Tanner was the author of two well-known works. The first of them, ‘Notitia Monastica, or a Short History of the Religious Houses in England and Wales,’ was published at Oxford in 1695. His letter to Samuel Pepys, with a copy of the volume, is in the collection of Mr. J. E. Hodgkin (Hist. MSS. Comm. 15th Rep. App. ii. 182). By September 1709 he had a second edition ready ‘with considerable improvements,’ but it did not come out, and the original volume became very scarce. It was reprinted, at the expense of the society for the encouragement of learning, in 1744, under the editorial care of his brother, John Tanner, vicar of Lowestoft and precentor of St. Asaph Cathedral (bur. 26 Dec. 1759; cf. Nichols, Lit. Anecdotes, viii. 402–3), and was much enlarged, partly from the bishop's collections, but mainly by the editor. A third edition, with many additions, was edited by James Nasmith [q. v.] in 1787, and a copy of it at the British Museum contains many notes by Sir Henry Ellis, mostly taken from Hearne's annotated copy of the first edition at the Bodleian Library. From this work Sir Richard Colt Hoare printed at Shaftesbury in 1821 a volume of twenty-five copies only, entitled ‘Monasticon Wiltonense: a List of the Religious Houses in North and South Wiltshire.’

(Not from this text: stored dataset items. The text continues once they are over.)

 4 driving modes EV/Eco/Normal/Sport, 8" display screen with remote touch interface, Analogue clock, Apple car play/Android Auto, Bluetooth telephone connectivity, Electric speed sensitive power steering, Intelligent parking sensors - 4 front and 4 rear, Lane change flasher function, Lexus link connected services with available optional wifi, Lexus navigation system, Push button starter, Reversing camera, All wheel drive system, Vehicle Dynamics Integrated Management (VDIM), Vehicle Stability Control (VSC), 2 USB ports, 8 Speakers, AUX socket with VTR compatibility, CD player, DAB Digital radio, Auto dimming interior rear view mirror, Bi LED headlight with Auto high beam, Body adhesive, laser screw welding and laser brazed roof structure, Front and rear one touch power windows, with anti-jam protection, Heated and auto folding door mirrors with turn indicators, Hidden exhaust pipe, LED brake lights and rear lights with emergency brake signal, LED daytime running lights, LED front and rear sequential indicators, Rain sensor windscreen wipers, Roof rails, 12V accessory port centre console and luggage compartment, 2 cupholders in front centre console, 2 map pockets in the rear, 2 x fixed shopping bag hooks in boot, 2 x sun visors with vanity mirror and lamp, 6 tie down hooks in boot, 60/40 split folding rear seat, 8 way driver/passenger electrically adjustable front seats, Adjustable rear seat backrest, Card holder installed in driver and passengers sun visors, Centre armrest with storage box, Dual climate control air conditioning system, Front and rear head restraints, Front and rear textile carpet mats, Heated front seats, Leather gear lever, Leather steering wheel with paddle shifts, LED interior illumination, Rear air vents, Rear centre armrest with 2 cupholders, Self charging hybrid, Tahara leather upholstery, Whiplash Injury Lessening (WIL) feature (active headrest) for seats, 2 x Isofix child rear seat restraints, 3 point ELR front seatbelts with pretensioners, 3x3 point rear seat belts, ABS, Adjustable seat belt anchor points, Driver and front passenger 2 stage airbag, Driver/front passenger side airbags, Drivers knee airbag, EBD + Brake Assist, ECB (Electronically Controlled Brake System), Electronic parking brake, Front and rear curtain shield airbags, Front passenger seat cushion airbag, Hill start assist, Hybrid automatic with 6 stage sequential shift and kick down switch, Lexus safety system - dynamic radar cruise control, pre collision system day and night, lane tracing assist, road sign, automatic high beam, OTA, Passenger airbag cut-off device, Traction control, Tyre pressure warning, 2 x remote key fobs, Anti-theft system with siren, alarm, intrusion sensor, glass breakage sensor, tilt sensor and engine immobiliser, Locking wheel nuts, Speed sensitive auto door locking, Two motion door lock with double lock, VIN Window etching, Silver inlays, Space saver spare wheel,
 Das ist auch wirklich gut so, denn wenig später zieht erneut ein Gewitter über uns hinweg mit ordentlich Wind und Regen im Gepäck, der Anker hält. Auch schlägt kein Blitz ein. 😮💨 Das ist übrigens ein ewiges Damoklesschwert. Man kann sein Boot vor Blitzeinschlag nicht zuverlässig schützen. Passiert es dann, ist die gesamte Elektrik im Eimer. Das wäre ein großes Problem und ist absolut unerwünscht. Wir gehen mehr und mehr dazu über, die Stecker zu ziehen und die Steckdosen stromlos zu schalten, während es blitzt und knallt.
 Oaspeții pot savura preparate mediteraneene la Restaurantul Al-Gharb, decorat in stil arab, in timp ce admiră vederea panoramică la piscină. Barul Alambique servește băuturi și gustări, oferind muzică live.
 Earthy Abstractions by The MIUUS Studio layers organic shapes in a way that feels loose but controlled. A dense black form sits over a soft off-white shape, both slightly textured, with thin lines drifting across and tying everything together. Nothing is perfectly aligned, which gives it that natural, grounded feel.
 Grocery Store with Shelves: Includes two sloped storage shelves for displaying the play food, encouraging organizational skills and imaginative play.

Tanner's other great work was the ‘Bibliotheca Britannico-Hibernica’ (1748), which was also printed at the cost of the society for encouraging learning. He had laboured at it for forty years, and at his death left the manuscripts to his brother John, instructing him to select, with the aid of two other divines, a competent antiquary for the editorship, and then to submit their choice to the approval of Bishop Gibson. The result was the appointment of the Rev. David Wilkins [q. v.], who drew up a preface. Tanner's aim was to give an account of all authors that flourished within the three kingdoms to the beginning of the seventeenth century, and the merits of his work were far in advance of any of its predecessors. With all its defects, it long remained ‘the highest authority to which the inquirer can refer’ (Hardy, Descriptive Cat. of Materials, vol. i. pt. p. xlii).

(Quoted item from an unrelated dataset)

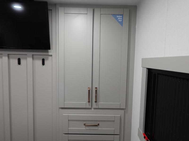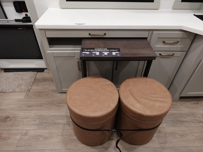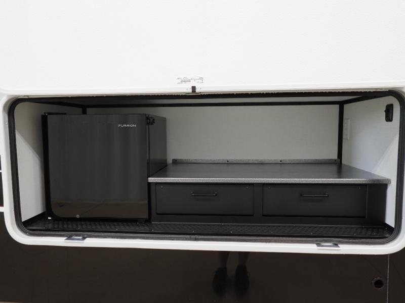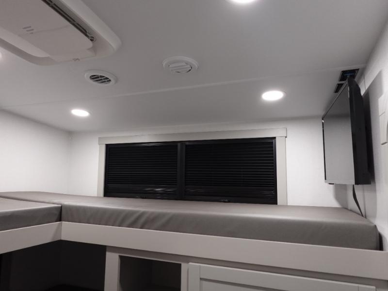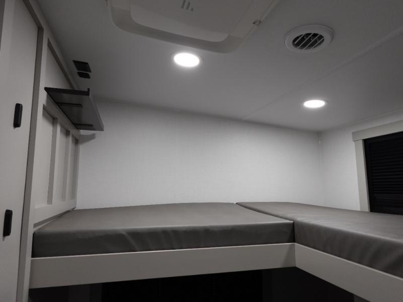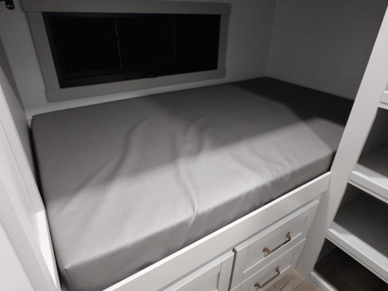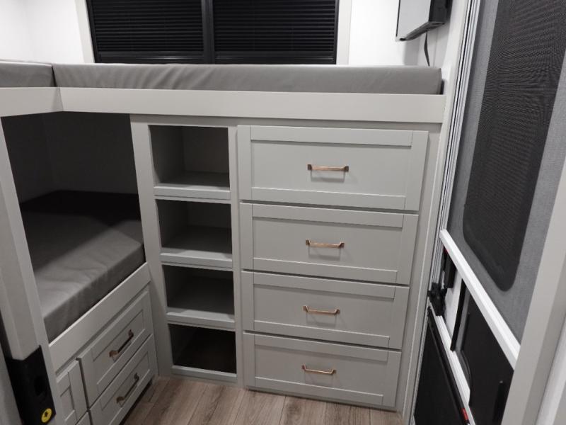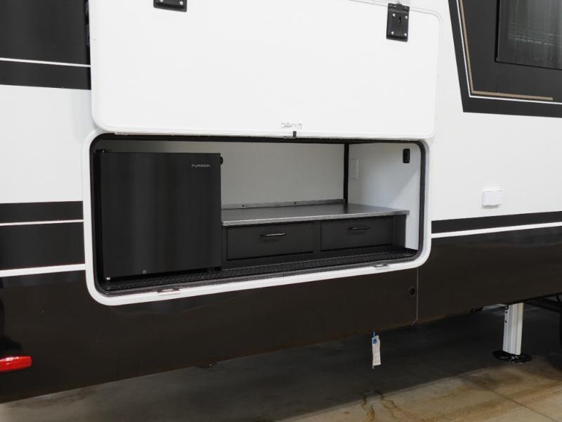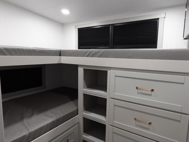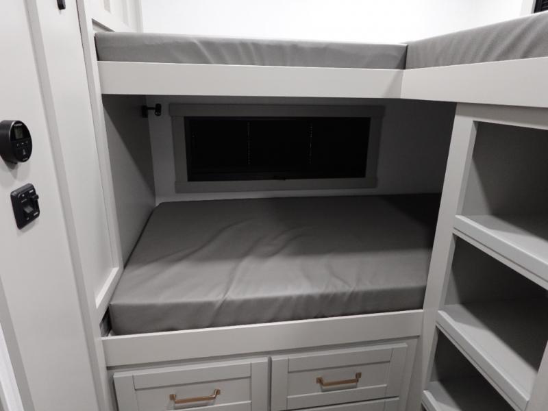 Start living your best camping life in this fifth wheel! The rear bunkhouse has an L shaped 72" x 92" x 32" top bunk above cubbies and a 44" x 72" bottom bunk, plus its very own private entrance/exit door to the unit. Just outside the bunkhouse is the kitchen which has everything you need to prepare your best home cooked meals including a flip-up countertop extension, a trash bin with Stow N' Go paper towel, and an area prepped for a dishwasher. Enjoy your delicious home cooked meals at the sliding dining/desk table then relax on either the 62" theater seating or 64" tri-fold sofa that extends into a 54" x 70" bed for more guests. As you step up the stairs to head up to the full bathroom and front private bedroom, you will notice that they have shoe storage to keep things tidy. Crank up the tunes with the exterior speakers and grab a cold beverage from the exterior refrigerator with storage drawers near it too!

Some coins were given by Tanner to the Bodleian Library in 1733, and by his will, dated 22 Nov. 1733, he bequeathed to it his manuscripts and such printed books not already there as the curators and librarian should select. His books, more than nine hundred in number, included many of very great value, but unfortunately during the course of their journey by water when he moved from Norwich to Oxford the barge sank at Bensington lock, near Wallingford (11 Dec. 1731). They were submerged for twenty hours, and the effects are still visible. The largest portion of the manuscripts, nearly three hundred out of about 470, consist of papers formerly the property of Archbishop Sancroft, and the most valuable of them relate to the time of the civil war. Selections were published by the Rev. Henry Cary, and they formed the substance of Gutch's ‘Collectanea Curiosa’ (1782). A catalogue of the whole collection by the Rev. Alfred Hackman was published in 1860 as vol. iv. of the general catalogue of manuscripts at the Bodleian. It is asserted by Dr. Jessopp that among the rolls in the Tanner collection are ‘more than one which the bishop must have removed from the archives of Ely’ (Hist. MSS. Comm. 12th Rep. App. ix. 392). Many letters to and from him are preserved in the public libraries, and several are printed in Nichols's ‘Literary Anecdotes,’ iv. 146, 356–7, Nichols's ‘Illustrations of Literary History,’ iii. 402–35, ‘Letters of Eminent Persons’ (1813), i. 300–4, ii. 103–13, 164–74, and Bishop Nicolson's ‘Correspondence’ (1809).
Tanner assisted John Ray in his works, Robert Hawes in his compilation on Framlingham, and Samuel Knight in his lives of Colet and Erasmus. He also helped the publication of the English works of Sir Henry Spelman (1722). Two folio volumes by him in the diocesan registry at Norwich were much used by Blomefield (Hist. MSS. Comm. 1st Rep. App. p. 87), who dedicated the ‘History of Norfolk’ to his memory. Wake when archbishop of Canterbury, and Gibson as bishop of London, frequently consulted him.
The bust of Tanner by Sir Henry Cheere is among those of former fellows of All Souls' in its library.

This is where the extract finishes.